Research: Many free VPN apps for Android do not guarantee privacy

A survey of nearly 300 VPN apps on the Google Play Store found that such apps often fail to protect identity, ask for unnecessary permissions, and contain malware. In some cases, ads are even injected into traffic with Javascript.

Of the 283 free VPN apps for Android examined, 18 percent were found to have no encryption at all, enabling a man-in-the-middle attack on an unsecured network. 16 percent of apps injected code into web traffic for various purposes, two of which were to show ads. The vast majority of apps, 84 percent, do not protect IPv6 traffic and 66 percent did so with DNS data. About half use tracking libraries to map user behavior and a third of the apps contain malware.
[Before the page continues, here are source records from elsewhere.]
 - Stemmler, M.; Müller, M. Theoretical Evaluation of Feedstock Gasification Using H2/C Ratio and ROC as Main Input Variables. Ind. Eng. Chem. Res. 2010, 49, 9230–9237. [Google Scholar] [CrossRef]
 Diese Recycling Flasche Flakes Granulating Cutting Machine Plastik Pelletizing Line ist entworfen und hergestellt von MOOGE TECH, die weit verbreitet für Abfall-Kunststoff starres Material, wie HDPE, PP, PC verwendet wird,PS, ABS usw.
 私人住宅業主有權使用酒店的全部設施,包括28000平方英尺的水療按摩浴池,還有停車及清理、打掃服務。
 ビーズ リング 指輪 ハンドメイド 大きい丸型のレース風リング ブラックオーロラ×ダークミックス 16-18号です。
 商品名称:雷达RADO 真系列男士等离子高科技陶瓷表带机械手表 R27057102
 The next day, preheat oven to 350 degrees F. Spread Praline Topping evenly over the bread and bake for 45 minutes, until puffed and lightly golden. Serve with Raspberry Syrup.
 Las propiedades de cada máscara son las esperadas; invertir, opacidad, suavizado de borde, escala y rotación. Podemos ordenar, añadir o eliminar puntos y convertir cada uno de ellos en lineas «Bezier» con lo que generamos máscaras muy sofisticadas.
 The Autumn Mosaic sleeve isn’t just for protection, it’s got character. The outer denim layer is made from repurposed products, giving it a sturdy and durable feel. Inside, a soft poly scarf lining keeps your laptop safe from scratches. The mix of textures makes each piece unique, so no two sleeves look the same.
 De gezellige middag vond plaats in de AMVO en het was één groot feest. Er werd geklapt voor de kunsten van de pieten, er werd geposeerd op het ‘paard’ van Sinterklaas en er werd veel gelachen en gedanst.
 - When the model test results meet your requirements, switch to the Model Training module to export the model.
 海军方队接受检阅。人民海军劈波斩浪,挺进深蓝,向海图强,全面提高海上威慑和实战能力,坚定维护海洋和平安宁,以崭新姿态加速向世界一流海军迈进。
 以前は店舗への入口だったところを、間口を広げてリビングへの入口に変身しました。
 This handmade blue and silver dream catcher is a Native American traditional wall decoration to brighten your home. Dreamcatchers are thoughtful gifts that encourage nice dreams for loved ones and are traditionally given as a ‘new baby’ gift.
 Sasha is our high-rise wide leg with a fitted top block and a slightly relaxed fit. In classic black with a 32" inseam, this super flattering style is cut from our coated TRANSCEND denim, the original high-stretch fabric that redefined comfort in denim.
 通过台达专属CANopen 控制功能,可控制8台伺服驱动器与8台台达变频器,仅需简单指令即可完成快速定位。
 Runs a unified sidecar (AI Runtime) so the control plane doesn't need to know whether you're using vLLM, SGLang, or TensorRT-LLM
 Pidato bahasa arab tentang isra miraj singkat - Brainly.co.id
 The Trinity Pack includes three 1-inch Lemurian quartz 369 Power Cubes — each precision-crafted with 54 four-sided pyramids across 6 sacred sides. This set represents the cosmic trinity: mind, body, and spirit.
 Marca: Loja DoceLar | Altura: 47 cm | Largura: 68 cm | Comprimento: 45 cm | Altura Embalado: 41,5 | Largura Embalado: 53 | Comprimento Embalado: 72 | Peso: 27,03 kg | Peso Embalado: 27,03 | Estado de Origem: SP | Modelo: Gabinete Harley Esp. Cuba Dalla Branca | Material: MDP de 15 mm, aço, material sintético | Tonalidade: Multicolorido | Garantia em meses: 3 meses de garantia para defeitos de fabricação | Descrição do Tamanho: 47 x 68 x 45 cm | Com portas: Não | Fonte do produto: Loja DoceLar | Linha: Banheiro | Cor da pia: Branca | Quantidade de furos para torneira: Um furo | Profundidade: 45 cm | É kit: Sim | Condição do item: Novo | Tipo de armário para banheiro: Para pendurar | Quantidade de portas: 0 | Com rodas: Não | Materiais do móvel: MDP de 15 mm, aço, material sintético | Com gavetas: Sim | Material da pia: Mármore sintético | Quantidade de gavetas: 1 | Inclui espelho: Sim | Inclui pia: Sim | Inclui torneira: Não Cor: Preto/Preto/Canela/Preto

The research comes from the University of New South Wales in collaboration with Berkeley. The researchers emphasize that the many comments on the VPN apps in the Play Store are not necessarily all evidence of malicious intent. Also, not every shortcoming means that the safety of the user is at risk. For example, in some cases, only the anonymity of the user is not guaranteed, although that is the motivation to install a VPN app.

Android has built-in support for VPN apps, which can easily handle all network traffic thanks to a certain permission. The researchers argue that it is important that Google reconsider this system and exercise more control over VPN apps because VPN services would not always be transparent even for technically savvy users.